Efficient production of highly purified Late Embryogenesis Abundant (LEA) protein from Arabidopsis thaliana by recombinant DNA technology

Abstract

Late embryogenesis abundant (LEA) proteins are induced in cellular dehydration, such as freezing, drought, or desiccation. They can be involved in antioxidative defense, ion sequestration, and structural stabilization of both membranes and enzymes during freezing or drying, while by forming intracellular proteinaceous condensates they increase structural integrity and intracellular viscosity of cells during desiccation 1. The genome of the model plant Arabidopsis thaliana contains 51 genes encoding LEA proteins2. The majority of these LEA proteins (35%) belongs to Pfam LEA_4 (PF02987) family.
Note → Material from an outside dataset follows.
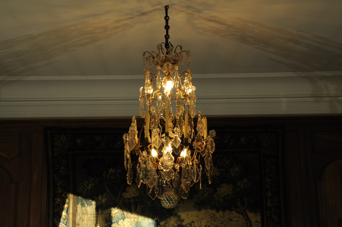 Grand LUSTRE CAGE en bronze, fer forgé, verre et cristal à neuf feux, orné de quatre couronnes de pampilles, pendeloques et poignards séparées par six pilastres, réunies à un fût central soutenant une grande boule facetée. Électrifié en parties haute et basse de deux fois trois lumières (quinze au total).

In silico analysis suggested that these proteins are highly hydrophilic proteins with significant intrinsically disordered protein (IDP) properties. In order to evaluate structural properties and possible functions of LEA_4 protein family under different water content, a representative AtLEA25 protein (At2g42560, 635 aa), naturally located in the cytoplasm of seeds3 was obtained in Escherichia coli by recombinant DNA technology. Although this technology has been traditionally used to over-express and purify various globular proteins, numerous reports have shown that the IDPs, due to their structural plasicity are naturally highly susceptible to proteolytic cleavage. To conduct structural and functional studies we developed a robust method to produce highly purified (>95% pure) AtLEA25 with no detectable amount of protein breakdown products.